Successive stressors alter microbiome composition and reduce resilience in the eelgrass Zostera marina

Abstract

Seagrass meadows are among the most threatened ecosystems worldwide, facing multiple anthropogenic stressors that often occur in succession. While plant-physiological responses to multiple stressors are well documented, the role of microbial symbionts in mediating consecutive stressors events remains poorly understood. Using a mesocosm experiment, Zostera marina (eelgrass) was exposed to sequential stressors: nutrient enriched sediments (NE; 70 mg of total N per 100 gDW sediment−1 for 28 days), followed by a simulated marine heatwave (MHW, 23.3 °C for 15 days) and subsequent storm event (25 cm/s flow, 12 days). Nutrient enrichment resulted in a microbiome shift, specifically a 49.2-fold enrichment of sulfur-oxidizing Arcobacteraceae and a 4.7-fold increase in Sulfurimonadaceae, suggesting possible microbiome-mediated responses mitigating sulfide toxicity.
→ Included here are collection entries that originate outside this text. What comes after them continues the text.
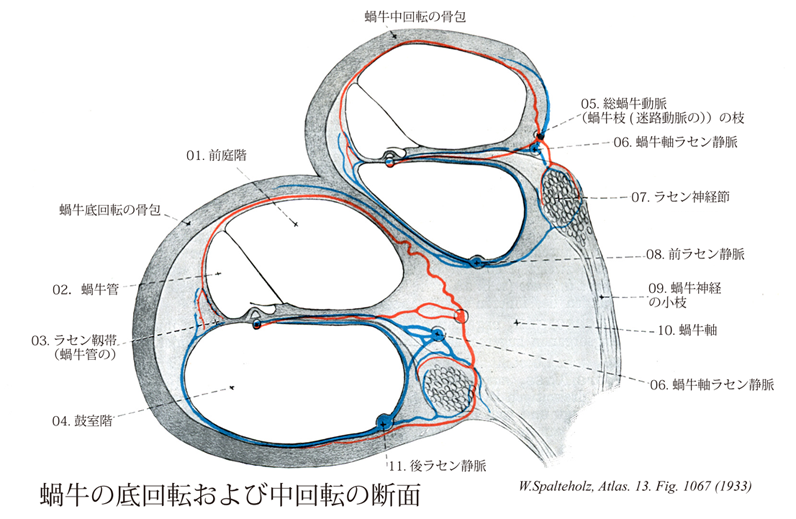 →(総蝸牛動脈は前前庭動脈とともに迷路動脈の最終枝として、蝸牛軸には入ってラセン神経節に分布し、さらに固有蝸牛動脈を蝸牛管におくり尖端から2回まわりのところに分布する。)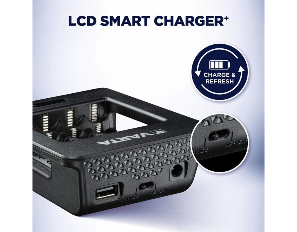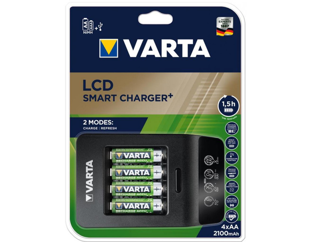 Функції захисту: Захист від короткого замикання, Мінус Дельта V «відключення», Контроль температури, Таймер безпеки, Виявлення лужних і поганих комірок; Зарядний струм, до: 800 мА, 1600 мА; Додаткові характеристики: Зарядний USB порт, У комплекті AC адаптер, Інтелектуальне припинення зарядки, Покращена чутливість виявлення поганих комірок, Зарядка з одним слотом, 2 режими: зарядка та оновлення; |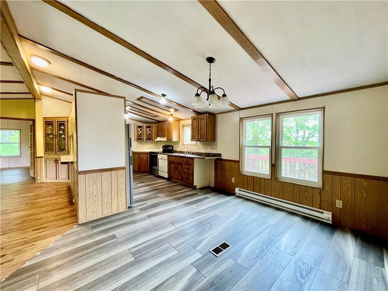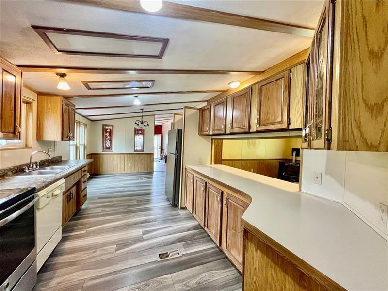 This double-wide home offers an optimal combination of comfort and space, making it suitable for both families and individuals. The model features three well-appointed bedrooms, alongside two full bathrooms. A notable aspect of this home is the open floor plan, which facilitates a seamless flow between the living, dining, and kitchen areas, thereby promoting a sense of connectivity and spaciousness. This configuration is ideal for hosting guests or spending quality family time. The kitchen is equipped with modern appliances, generous counter space, and a large island designed for meal preparation. The adjacent dining area provides an excellent setting for family meals and gatherings, accommodating a sizable dining table with ease. Additionally, the property features a spacious deck. ***NO PETS ***Public water and septic. The tenant is responsible for having the septic tank pumped annually.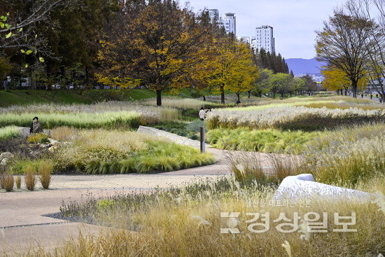 번영교부터 학성교를 따라 화이트뮬리, 수크령, 억새 등 다양한 그라스류 식물들이 풍성하게 자라 분홍빛의 가우라와 황금빛의 국화가 어우러져 화려한 가을 풍경을 선보이고 있다.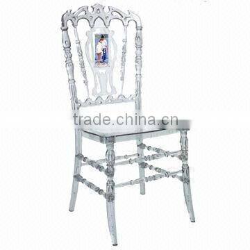 The clear/acrylic resin royal chair is widely used in wedding,party,banquet,hotel,restaurant,ballroom,church,ceremony and other special events.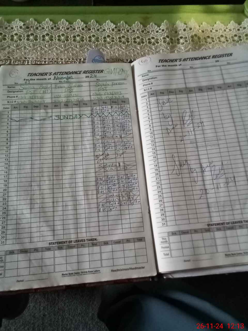 | CNIC | Full Name | Designation | R/C | Absence During Last Calender Month |
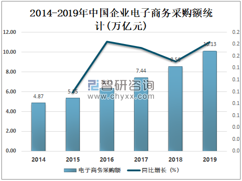 随着中国企业电子商务销售额的增加,电子商务采购额也随着增加,2019年中国企业电子商务采购额达10.13万亿元,较2018年增加了1.57万亿元,同比增长18.32%。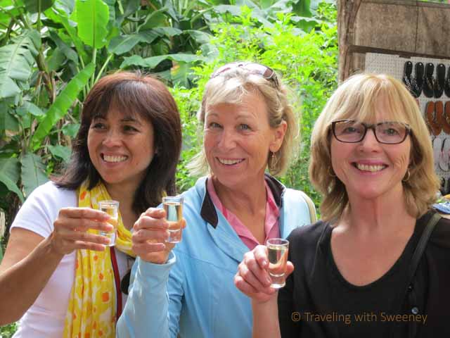 By Mr. TWS — It’s really a rare thing to see since Sweeney’s preferred beverage is wine. However, when in Rome… The occasion was a tour and sampling at the Los Osuna distillery in the Mexican state of Sinaloa near Mazatlan. I like the amusement on the face of the onlooker on the left.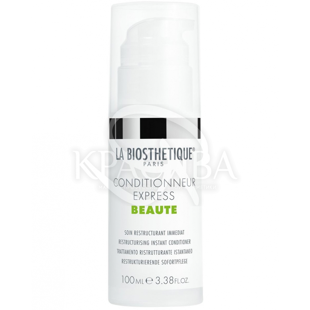 Опис: Незмивний крем-догляд для пошкодженого волосся Conditionneur Express від La Biosthetique розроблений спеціально для сухих і ламких волосся: він забезпечує їм оптимальний догляд та захист, допомагає відновити структуру волосяного стрижня і повернути пружність. Його ефективність Вас здивує. Натуральне біле масло захищає волосся і наділяє сліпучим блиском. Мультиактивний пантенол підтримує зволоженість, пружність і м'якість волосся, а кондиціонуючий полімер і екстракт бобів гуара покращують їх структуру.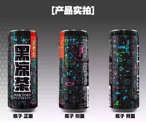 王老吉“牵手”设计师潘虎,一举拿下德国红点设计大奖。“黑凉茶”的包装采用黑色作为主色调,再用粉红、粉蓝、粉绿三种颜色绘制出各种图案元素。新包装上一共有88 种图案元素,这些图案包括爱心、游戏手柄、WIFI、猫咪等。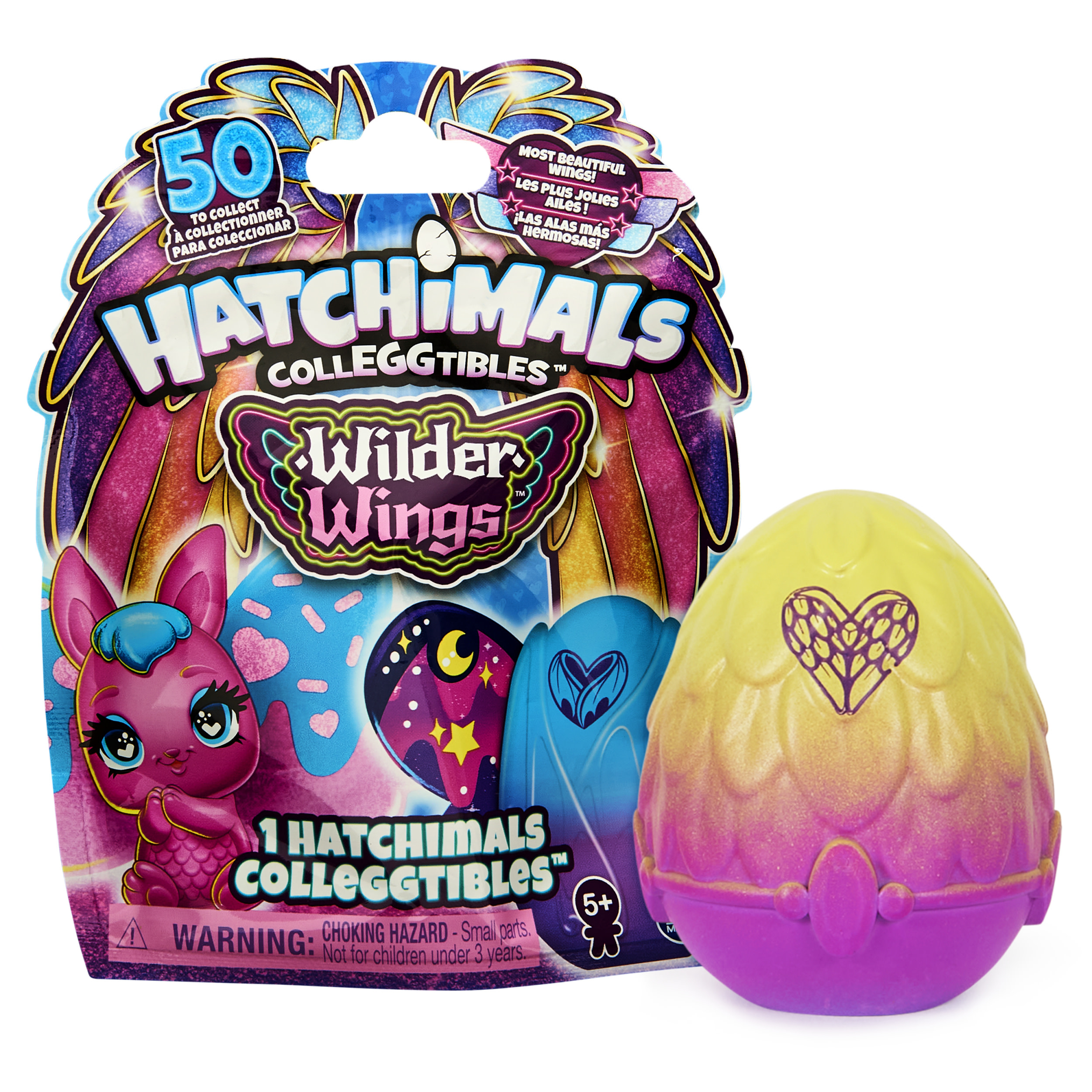 Découvre l'un des Hatchimals CollEGGtibles WILDER WINGS les plus fantastiques avec ce pack. La tempête de paillettes a déferlé sur Hatchtopia, transformant les ailes des Hatchimals et des Pixies en Wilder Wings. Ces adorables personnages Hatchimals sont dotés des plus jolies ailes géantes pouvant toutes se combiner. Il existe plus de 10 styles de Wilder Wings comme par exemple ange, fleur, chauve-souris, nuage, dépareillées et bien d'autres. Il y a encore plus de surprises à découvrir : une nouvelle éclosion sauvage et neuf options d'ailes différentes telles que souples, paillettes, imprimées et bien plus encore. À l'intérieur du coffret fantaisie, tu trouveras 1 Hatchimals dans son oeuf ainsi qu'une magnifique paire de Wilder Wings. Chaque nouvel œuf est doté d'un design inspiré des ailes et les Wilder Wings se trouvent à l'extérieur des œufs. Craque l'avant de l'un des œufs pour révéler ton nouvel ami. Ensuite, fixe facilement ses ailes. Fais éclore le reste des œufs et rencontre ta nouvelle bande d'amis fantastiques. Fais éclore Draggle avec ses ailes de chauve-souris toutes douces ; Unikeet avec ses ailes souples à fleurs ; Tigrette avec des ailes scintillantes en forme de flèche ; Penguala avec ses ailes dépareillées de chauve-souris et d'ange, et bien d'autres personnages. Trouveras-tu le Pandor super découverte (1 chance sur 100) avec des ailes en tissu arc-en-ciel ? Combine les ailes sur tous tes Wilder Wings Hatchimals pour imaginer de nouvelles créations amusantes. Avec 50 Wilder Wings Hatchimals et 6 Wilder Wings Pixies à collectionner, ajoute-les tous à ta collection (chacun vendu séparément). Sur ta fiche de collection, tu trouveras aussi un code Hatchtopia Life à utiliser dans l'application gratuite (compatible avec les appareils iOS et Android). Fais éclore des ailes extraordinaires avec le coffret fantaisie Hatchimals CollEGGtibles.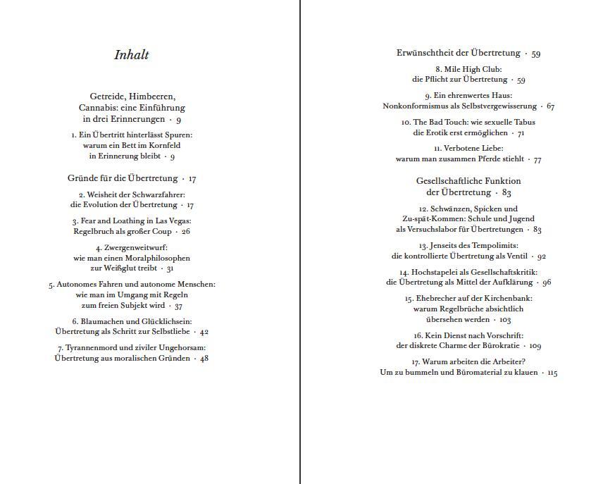 Was macht die Überschreitung des Erlaubten so reizvoll, warum fasziniert das Spiel mit dem Verbotenen? Spicken, Schwarzfahren, Rasen, illegale Substanzen oder ein kleiner Diebstahl ..., erinnern wir uns nicht alle mit leisem Behagen an den einen oder anderen schadlos überstandenen Regelverstoß? Es scheint, als ob wir solche Momente immer wieder suchen, sie unser Leben auf spezielle Weise bereichern. Dient diese gelegentliche Abweichung vom Regelkonformen vielleicht dazu, unsere Autonomie zu behaupten? Ist sie am Ende bedeutender Teil des Menschseins? Hält der Regelbruch mitunter das geregelte Leben am Laufen und hat womöglich sogar das Potenzial, gesellschaftliche Entwicklungen voranzutreiben? Wie viel es jenseits des Erlaubten zu entdecken gibt, zeigt uns Leander Steinkopf in seinem unterhaltsamen und pointierten Essay.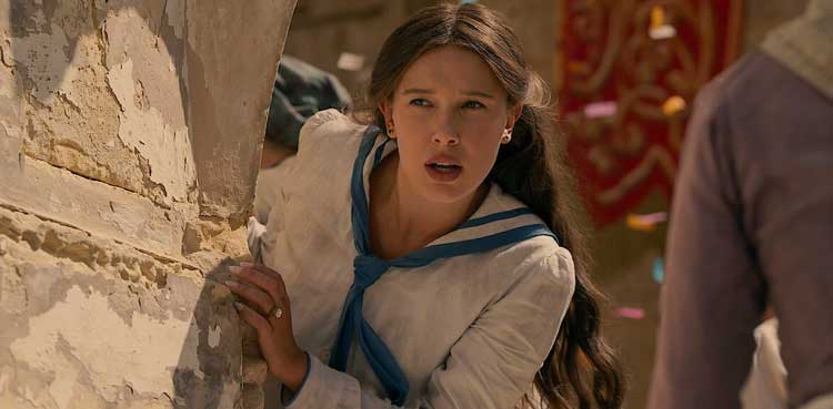 The pictures released showed Enola (Millie Bobby Brown) in a sun-soaked new locale, juggling her potential nuptials to Lord Tewkesbury (Louis Partridge) and a challenging new case, which, as seen in an exclusive photo below, might involve a deadly-looking fire.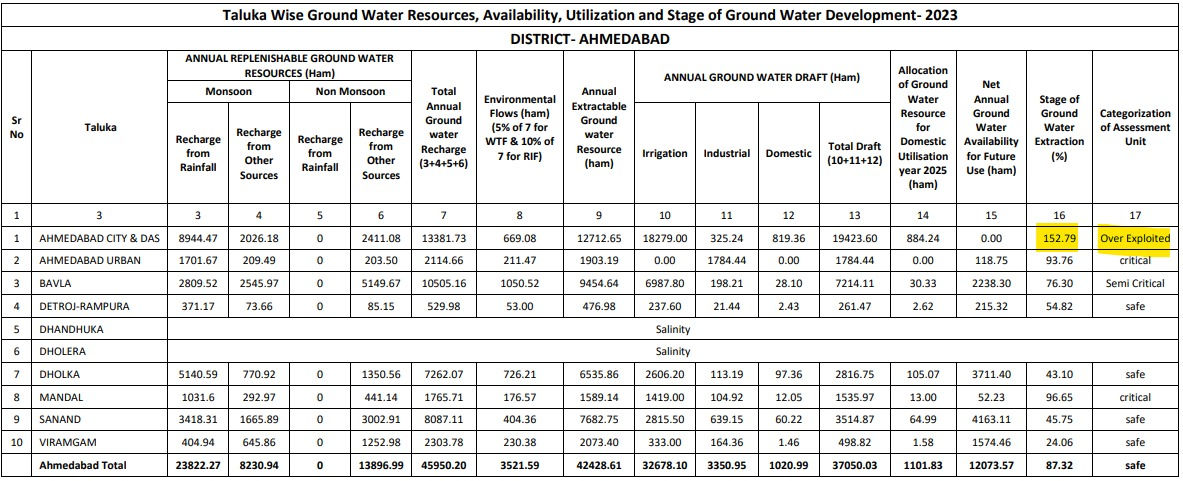 Ahmedabad’s groundwater extraction issue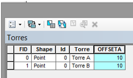 Como las torres tienen una altura de 10 metros, debemos introducir ese valor en el campo OFFSETA o bien con la calculadora de campos $selección campo ‘OFFSETA’ (botón derecho) < Field Calculator o bien mediante la edición de la capa. Así estaremos indicamos que la Torre A tiene una altura de 10 metros y la Torre B también.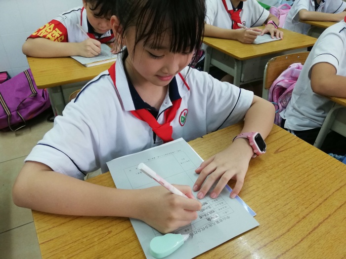 接著是填寫《紅領(lǐng)巾小心愿表》。 “紅領(lǐng)巾們”寫得多認(rèn)真呀!一個(gè)個(gè)的小提案、小心愿躍然紙上,充分體現(xiàn)了少先隊(duì)員當(dāng)家作主的主人翁精神。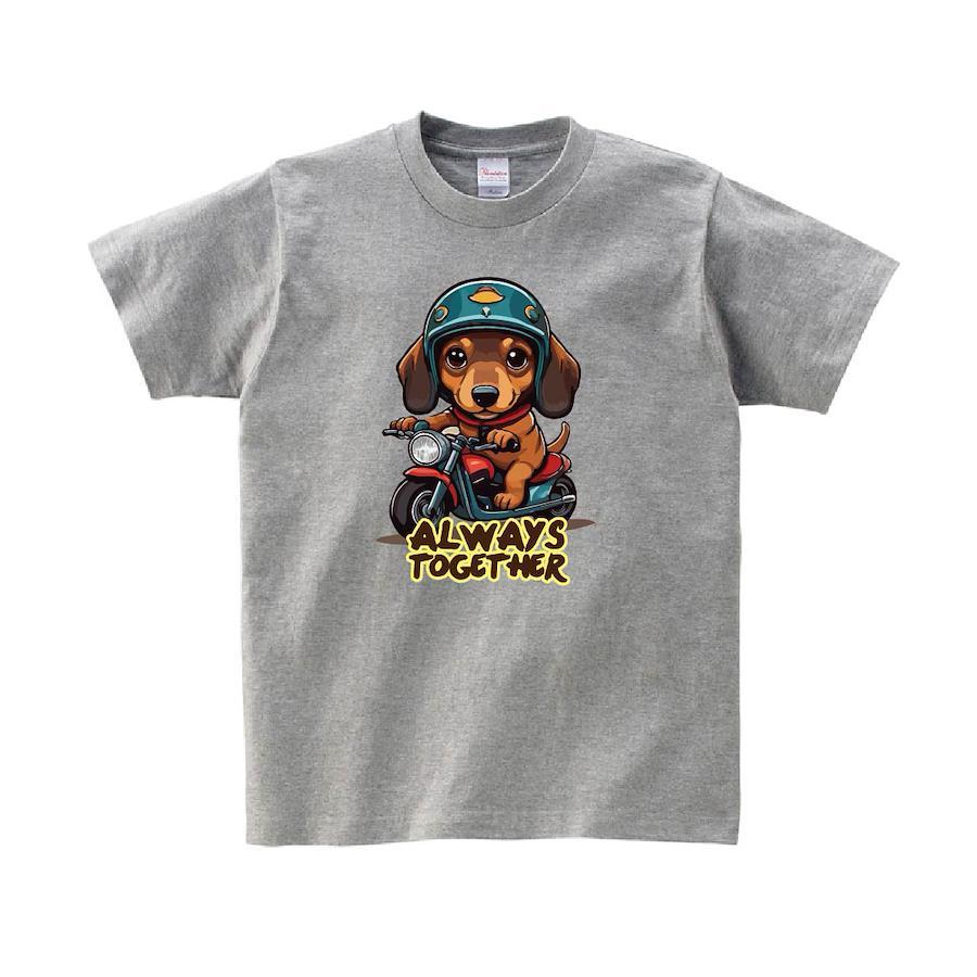 ダックスフントのバイク乗りのかわいいデザインTシャツです。※画像ははめ込み画像となり、実際とは多少異なりますので予めご了承ください。 ※サイズ表をよくご確認の上ご購入ください。 ※受注生産となるため、返品、交換はご遠慮ください。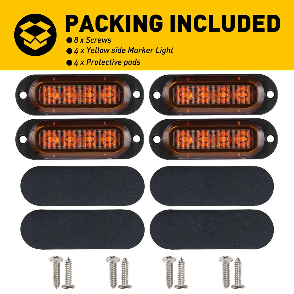 Specifications LED quantity: 4 LEDs per unit Material:ABS Housing + PC Lens Light color: Amber Voltage:12v-24v Service life:50000h+ Fits for: Suitable for all DC 12V-24V trailers, trucks, caravans, pick up, car, Van, RV, lorry, boat, etc Features: *High brightness: High brightness light outputs for improving driving safety. *Waterproof design: The waterproof design of the product works even under extreme conditions especially in rainy or foggy days.(IP67) *Great design: Compared with other brands, our back wire lead is added proper glue to make it completely seal without affecting the surface mount. *Application 4pcs 4-LED Side Marker Amber Lights Clearance Light Trailer Turn Signal Lamp Specifications LED quantity: 4 LEDs per unit Material:ABS Housing + PC Lens Light color: Amber Voltage:12v-24v Service life:50000h+ Fits for: Suitable for all DC 12V-24V trailers, trucks, caravans, pick up, car, Van, RV, lorry, boat, etc Features: *High brightness: High brightness light outputs for improving driving safety. *Waterproof design: The waterproof design of the product works even under extreme conditions especially in rainy or foggy days.(IP67) *Great design: Compared with other brands, our back wire lead is added proper glue to make it completely seal without affecting the surface mount. *Application It can be used as clearance light, side marker light, rear marker light, turn signal light, tail light etc. *Energy-saving with lower consumption. Packaging include: Amber Side Marker Light*4 Item Specifics Brand Unbranded Lighting Technology LED Suitable For Side Marker Light Number of Bulbs 4 Light Color Amber Type Side Clearance Marker Lights Features Plug and Play, Easy Installation, Sealed Assembly Manufacturer Part Number CBD-4LED-4Y Voltage DC 12V-24V Universal Fitment Yes Manufacturer Warranty 2 Years Bulb Life Hours Up to 50,000 Hours Waterproof Rate IP67 Placement on Vehicle Front, Rear, Left, Right Payment We can accept payment by credit, debit, and gift cards; Apple Pay, Google Pay, PayPal, and PayPal Credit. Shipping 1. All items will be shipped in 24 hours after receiving your payment . 2. We ship this item to US only via USPS first class mail. It usually takes 3-5 working days to deliver. Returns 1. We offer 60 days return policy. 2. Please contact us within 60 days from the date you receive your package if you have any questions with the products . 3. Refund will be sent after we got your returned package. 4. All returned items should be in the original packaging with tracking number. Contact Us We work from Monday - Saturday 9:00AM - 6:00PM PST, but we will reply you once we get your message .There will be some delay on response if you send message or E-Mail on Sunday. DESCRIPTION PAYMENT SHIPPING RETURN POLICY CONTACT US Hot item AUXITO 3157 3156 LED Flashing Brake Stop Stobe Tail Light Bulb Blinker Bulb 2F23 USD 12.91 AUXITO 3157 4157 Amber LED Turn Signal Side Marker Indicator Corner Light 2F23 USD 12.91 Help & Info Payment Policy Shipping Policy Return Policy FAQ About Us 4pcs 4-LED Side Marker Amber Lights Clearance Light Trailer Turn Signal Lamp Specifications LED quantity: 4 LEDs per unit Material:ABS Housing + PC Lens Light color: Amber Voltage:12v-24v Service life:50000h+ Fits for: Suitable for all DC 12V-24V trailers, trucks, caravans, pick up, car, Van, RV, lorry, boat, etc Features: *High brightness: High brightness light outputs for improving driving safety. *Waterproof design: The waterproof design of the product works even under extreme conditions especially in rainy or foggy days.(IP67) *Great design: Compared with other brands, our back wire lead is added proper glue to make it completely seal without affecting the surface mount. *Application It can be used as clearance light, side marker light, rear marker light, turn signal light, tail light etc. *Energy-saving with lower consumption. Packaging include: Amber Side Marker Light*4 Payment Shipping Returns Contact Us We can accept payment by credit, debit, and gift cards; Apple Pay, Google Pay, PayPal, and PayPal Credit. 1. All items will be shipped in 24 hours after receiving your payment . 2. We ship this item to US only via USPS first class mail. It usually takes 3-5 working days to deliver. 1. We offer 60 days return policy. 2. Please contact us within 60 days from the date you receive your package if you have any questions with the products . 3. Refund will be sent after we got your returned package. 4. All returned items should be in the original packaging with tracking number. We work from Monday - Saturday 9:00AM - 6:00PM PST, but we will reply you once we get your message .There will be some delay on response if you send message or E-Mail on Sunday. All rights reserved. On Sep 25, 2024 at 21:45:38 PDT, seller added the following information:

In contrast, warming responses were primarily physiological: aboveground biomass increased by 41.5 % and net production increased by 37.1 % (mg FW shoot−1 day−1), with synergistic effects under combined enrichment and heat stress (up to 175 % higher production), indicating that temperature outweighs nutrient stress. Storm exposure triggered a 114 % increase in belowground biomass via root elongation, which increases the resilience of these plants to higher flow velocities, but this acclimation was diminished by 51 % in plants previously exposed to the MHW, indicating environmental legacy effects. Our results demonstrate that eelgrass resilience depends critically on stressors sequence, where legacy effects alter both plant-microbe interactions and physiological responses. These findings emphasize the need to incorporate both a consecutive-stressor approach and microbiome dynamics into seagrass research and conservation strategies under climate change.